Monsters, Maps, and Me: On Who Gets to Be Human




The sea in Rimini smells of salt and coffee at dawn, and the gulls make a thin, tinny music above the pier. My wheelchair hums softly over worn stone, the rubber tyres picking up dust like flour on warm bread. A man once asked me—half-joking, half-afraid—whether I felt “less human” with a machine beneath me. His voice had a metallic edge, like a spoon against a glass. I remember thinking that our first monsters aren’t scales and claws; they’re the labels we say out loud… and the ones we whisper.

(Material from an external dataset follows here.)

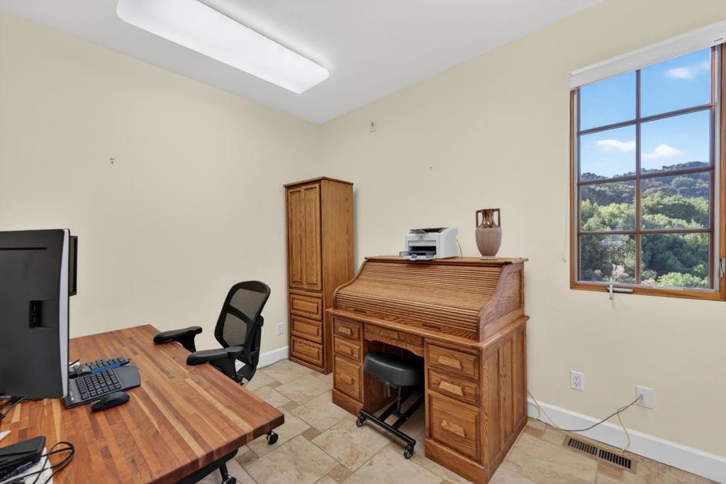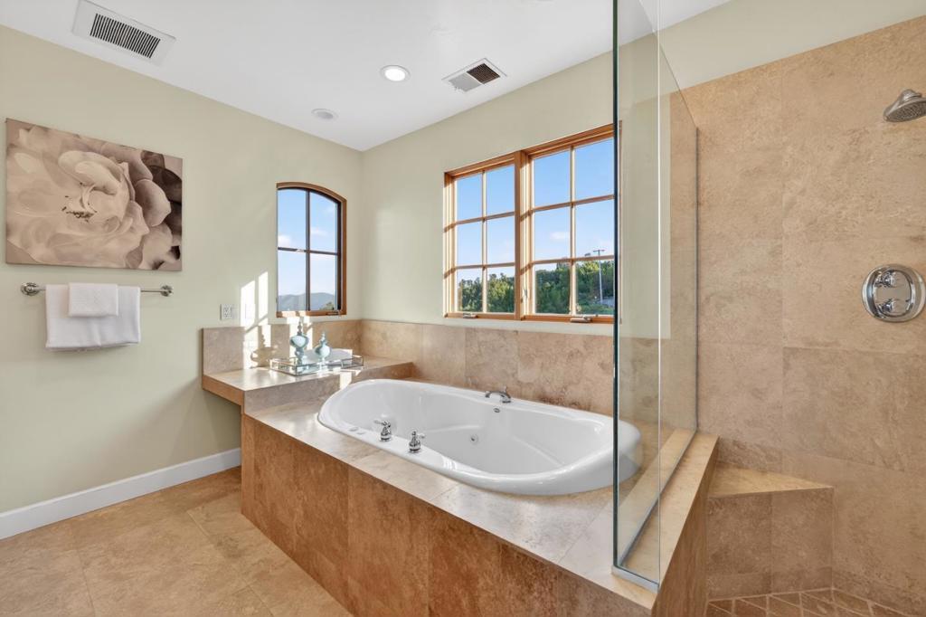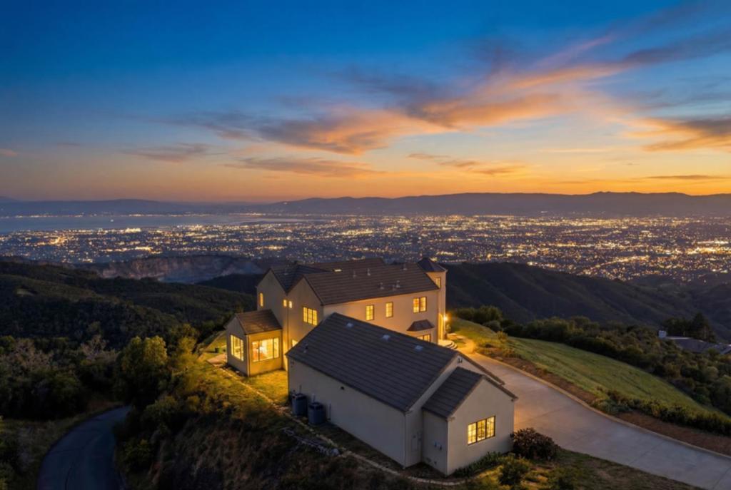 This French Country inspired residence offers rare serenity just minutes from top Cupertino schools, shopping, and major employers. A scenic 20 minute drive from Silicon Valley brings you to a private hilltop retreat nestled on ~10 acres along an exclusive road. Enjoy breathtaking ~270° panoramic views of the San Francisco Bay and the Santa Clara Valley - lush green hills by day, shimmering city lights by night, and a stunning above the clouds vantage when valley fog settles below. The 4bd/3ba home features a light-filled floor plan, main-level bed/bath, and an upstairs primary suite with a walk-in closet and spa-like bath. The kitchen offers premium stainless appliances, abudant cabinetry and countertop space. The main level includes a private office area and a sunroom perfect for a reading lounge or inspired workspace . The dining area opens up to the backyard which is ideal for entertaining. An oversized 3-car garage with abundant storage and leased solar complete the offering. Near acclaimed wineries including Ridge Vineyards and over 22K acres of hiking & 10K acres of biking trails, this home offers a perfect blend of luxury and an active lifestyle. Close to Cupertino schools and major employers. Experience refined living where the journey itself becomes part of the reward.
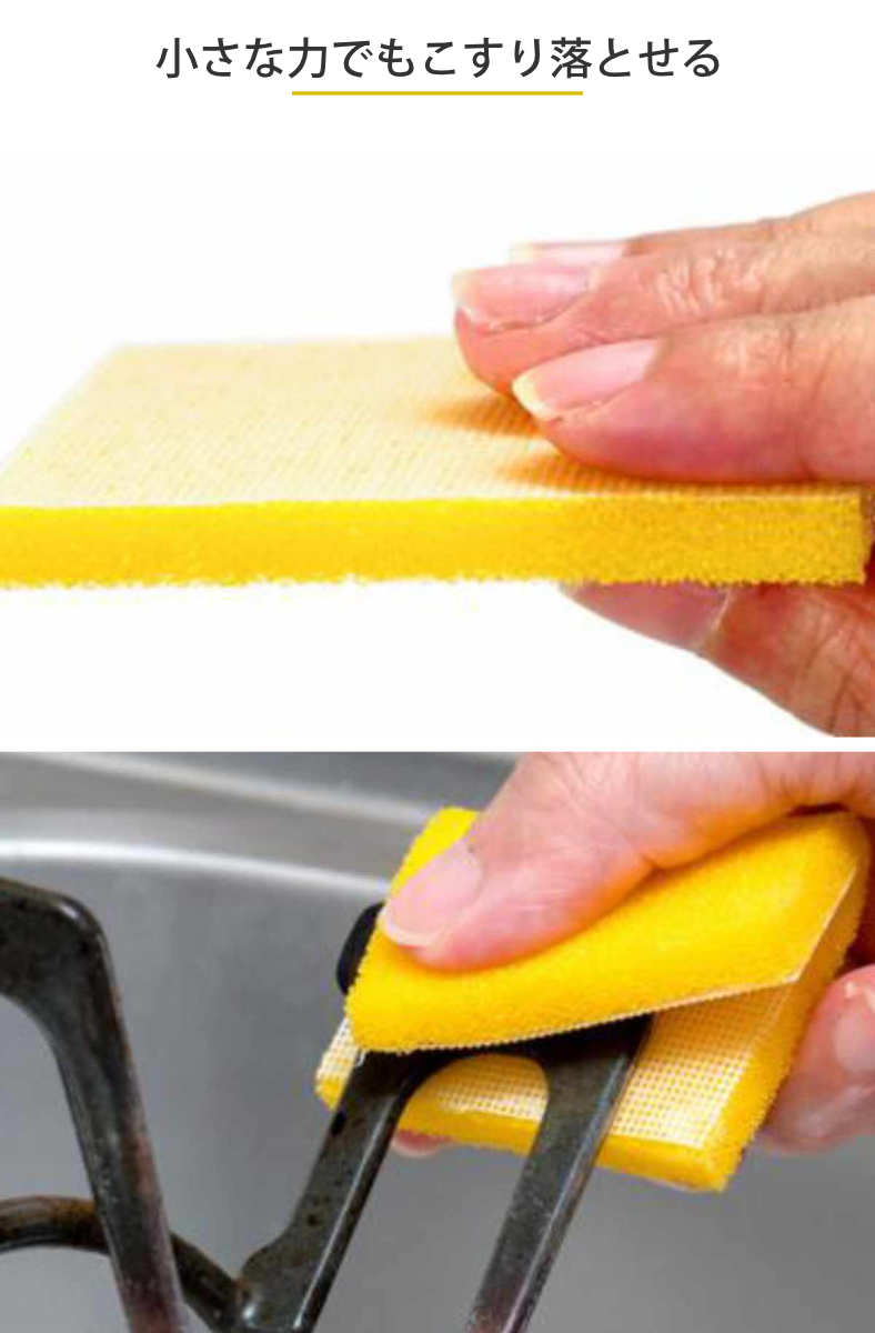 洗剤を使わず水に濡らして擦るだけでコゲ、サビ、水垢などの頑固な汚れを落とします。魚焼きグリルやバーベキュー後の網などの落としにくい焦げも簡単にお手入れできます。

I’m Gerd Dani, President of Free Astroscience, writing from this Adriatic light. I’m simplifying complex history here on purpose, so you can follow every turn of the wheel. What you’ll read is personal, reflective, and yes—hopeful. I want you to hear the street noise as we ask a very old, very live question: who gets to be human next?


The Word That Erases People

So when I read about monstrification—the academic term for how societies strip people of their humanity—something clicked. That uncomfortable feeling of being observed, categorized, judged? It's ancient. It's systematic. And it's everywhere.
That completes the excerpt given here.